Суета сует, сказал Проповедник, суета сует и все — суета! Что пользы человеку от труда его, которым он трудится под солнцем? Поколение уходит, поколение приходит, а земля пребывает вовеки. Восходит солнце, заходит солнце, возвращается вспять и вновь восходит. Идет на юг, обращается на север, кружит, кружит на пути своем ветер — и на круги свои возвращается ветер. Все реки текут в море, но не полнится море; и от истока реки текут снова... Что было, то будет, что вершилось, будет вершиться, и ничего нет нового под солнцем... (Пер. С.С. Аверинцева)

В этом вечном круговороте природы Экклезиаст не видит никакого смысла. При этом Бога он не отрицает и не сомневается в Нём, подобно Иову. Однако наблюдения за окружающим миром не открывают ему активного участия Бога в жизни людей: Бог существует сам по себе где-то далеко, а мир существует сам по себе в сплошной бессмыслице.

Экклезиаст ищет мудрость и в итоге делает заключение: «мудрого не будут помнить вечно, как и глупого; в грядущие дни все будет забыто, и увы! мудрый умирает наравне с глупым».

Эклезиаст накапливает большие богатства, но заключает, что это лишает человека покоя, ибо он страшится потерять всё накопленное, либо в конце концов передать тому, кто не приложил к этому никакого труда: «И возненавидел я весь труд мой, которым трудился под солнцем, потому что должен оставить его человеку, который будет после меня... не трудившемуся в том...»

Экклезиаст ищет знания, но приходит к выводу: «Человек не может постигнуть дел, которые делаются под солнцем.

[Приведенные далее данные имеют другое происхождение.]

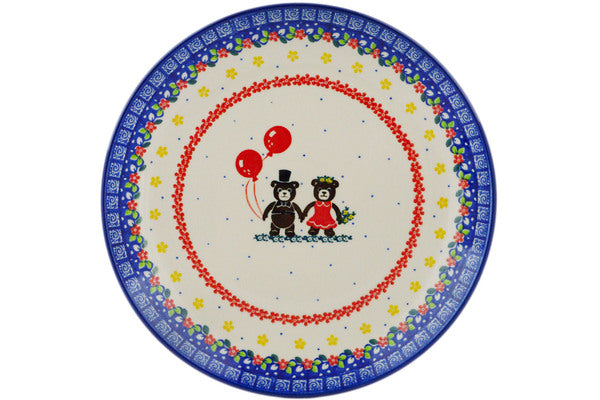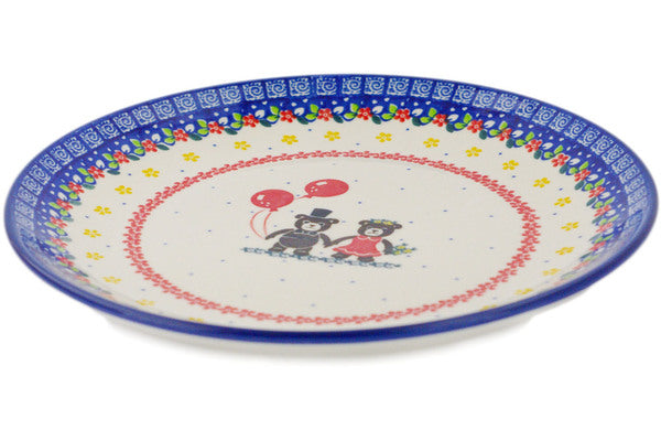 This Polish pottery Plate is made by Ceramika Artystyczna workshop in Boleslawiec, Poland. Manufacturer item number H7309Q. It is 1¼" high and measures 10" by 10". The weight of this Plate is 1.5 lbs. The pattern was designed by artist MARIA STARZYK. It is part of the Bear Party Duo Collection.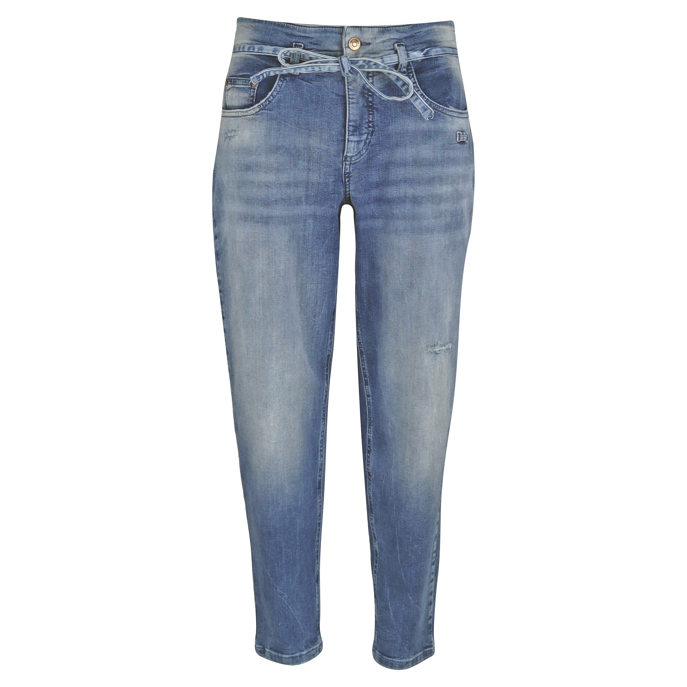Moms fit jeans van MAC Jeans, model Mina. Deze broek heeft een hoge, smalle taille met een denim striklint en toelopende broekspijpen met licht beschadigingen. De jeans sluit met een knoop- en ritssluiting en heeft twee steekzakken en twee achterzakken.

Сколько бы человек ни трудился в исследовании, он все-таки не постигнет этого; и если бы какой мудрец сказал, что он знает, он не может постигнуть этого».

Экклезиаст пытается найти счастье в женской любви, но вывод его крайне пессимистичен: «И нашел я, что горче смерти женщина, потому что она сеть, и сердце ее — силки, руки ее — оковы».

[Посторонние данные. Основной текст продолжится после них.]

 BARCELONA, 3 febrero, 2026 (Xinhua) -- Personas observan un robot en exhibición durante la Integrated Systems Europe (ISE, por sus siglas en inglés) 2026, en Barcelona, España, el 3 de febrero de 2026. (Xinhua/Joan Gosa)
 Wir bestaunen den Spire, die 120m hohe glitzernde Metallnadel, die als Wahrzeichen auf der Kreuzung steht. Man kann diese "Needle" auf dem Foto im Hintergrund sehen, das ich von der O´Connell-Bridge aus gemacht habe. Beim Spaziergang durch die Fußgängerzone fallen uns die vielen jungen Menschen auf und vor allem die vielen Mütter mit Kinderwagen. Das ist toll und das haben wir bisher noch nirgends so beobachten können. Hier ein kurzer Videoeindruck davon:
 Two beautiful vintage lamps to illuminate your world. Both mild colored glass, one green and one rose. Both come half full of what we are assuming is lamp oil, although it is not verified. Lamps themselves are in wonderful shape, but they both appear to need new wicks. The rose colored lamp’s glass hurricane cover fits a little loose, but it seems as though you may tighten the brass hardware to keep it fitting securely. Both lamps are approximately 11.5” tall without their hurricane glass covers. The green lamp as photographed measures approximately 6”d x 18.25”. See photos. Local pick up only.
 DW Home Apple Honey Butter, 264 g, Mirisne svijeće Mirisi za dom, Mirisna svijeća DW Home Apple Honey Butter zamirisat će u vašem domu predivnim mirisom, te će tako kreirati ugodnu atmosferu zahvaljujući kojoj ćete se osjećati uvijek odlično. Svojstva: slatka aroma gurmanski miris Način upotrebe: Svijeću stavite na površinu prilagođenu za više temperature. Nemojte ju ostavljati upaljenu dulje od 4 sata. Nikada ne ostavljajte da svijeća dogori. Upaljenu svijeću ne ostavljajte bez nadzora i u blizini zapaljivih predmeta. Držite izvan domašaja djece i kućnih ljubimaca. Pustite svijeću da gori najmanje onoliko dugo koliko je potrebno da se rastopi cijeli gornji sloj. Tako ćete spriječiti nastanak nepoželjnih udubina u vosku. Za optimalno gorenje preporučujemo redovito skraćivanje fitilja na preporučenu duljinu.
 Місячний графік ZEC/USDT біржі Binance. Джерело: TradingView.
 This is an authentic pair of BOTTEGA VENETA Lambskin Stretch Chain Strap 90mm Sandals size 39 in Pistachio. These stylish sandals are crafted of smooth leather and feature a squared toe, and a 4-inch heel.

Может быть, можно найти смысл в общественной деятельности? Но в ней царит зло и несправедливость: «И обратился я и увидел всякие угнетения, какие делаются под солнцем: и вот слезы угнетенных, а утешителя у них нет».

В чём же предложат нам искать искать подлинное счастье верующие? Разумеется, в вере в Бога. «Ты создал нас для Себя, — пишет блаженный Августин, — и мятётся душа наша, доколе не успокоится в Тебе». Но Экклезиасту вера не приносит утешения: «Всего насмотрелся я в суетные дни мои: праведник гибнет в праведности своей; нечестивый живет долго в нечестии своем». Тут мысль Экклезиаста перекликается с бунтом Иова. «Есть и такая суета на земле: праведников постигает то, чего заслуживали бы дела нечестивых, а с нечестивыми бывает то, чего заслуживали бы дела праведников. И сказал я: и это — суета!»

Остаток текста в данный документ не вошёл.